Une fois achetée, les forces de travail vont produire des marchandises, et à ce moment-là le
propriétaire lucratif pourra en récupérer la valeur d’échange. Il faut remarquer que les
rapports sociaux sont dépendants de l’état de développement de ce que Marx appelle les
« forces productives » : les forces productives désignent les moyens dont on dispose pour
produire à un instant T, c’est-à-dire à la fois les matières premières naturelles (eau, bois) déjà
travaillées ou non et donc sous forme-marchandise (coton, ciment), les outils (marteaux,
machines) et les techniques et connaissances.

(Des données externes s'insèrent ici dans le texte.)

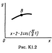 Под номером К1 помещены две задачи К1а и К1б, которые надо решить. Задача К1а. Точка В движется в плоскости xy (рис. К1.0 — К 1.9, табл. К1; траектория точки на рисунках показана условно). Закон движения точки задан уравнениями: x = f1(t), y = f2(t), где x и y выражены в сантиметрах, t — в секундах. Найти уравнение траектории точки; для момента времени t1 = 1 с определить скорость и ускорение точки, а также ее касательное и нормальное ускорения и радиус кривизны в соответствующей точке траектории. Зависимость x = f1(t) указана непосредственно на рисунках, а зависимость y = f2(t) дана в табл. K1 (для рис. 0—2 в столбце 2, для рис. 3—6 в столбце 3, для рис. 7—9 в столбце 4). Как и в задачах С1 — С4, номер рисунка выбирается по предпоследней цифре шифра, а номер условия в табл. К1 — по последней. Задача К1б. Точка движется по дуге окружности радиуса R = 2 м по закону s = f(t), заданному в табл. К1 в столбце 5 (s — в метрах, t — в секундах), где s =AM — расстояние точки от некоторого начала A, измеренное вдоль дуги окружности. Определить скорость и ускорение точки в момент времени t1 = 1 с. Изобразить на рисунке векторы v и a, считая, что точка в этот момент находится в положении M, а положительное направление отсчета s — от А к М.

Pourquoi y-a-t-il un lien entre certains rapports
sociaux et l’état de développement des forces productives ? Car, pour ne prendre qu’un
exemple, pour que le mode de production féodal du haut moyen-âge, qui repose sur le
servage, existe, il faut que l’agriculture comme technique soit développée (pas de surplus et
donc de « corvées » dans une société de chasseurs-cueilleurs…).
Mode de production
Quand Marx parle de « mode de production », il entend donc un bloc historique formé par une
combinaison particulière des rapports de production et des forces productives. Marx en
distingue plusieurs dans l’histoire : le mode de production « esclavagiste », « féodal », ou
encore, évidemment, « capitaliste ». Il désigne donc de manière générale la façon dont on
produit, dans une société déterminé, ce qu’on a besoin pour vivre.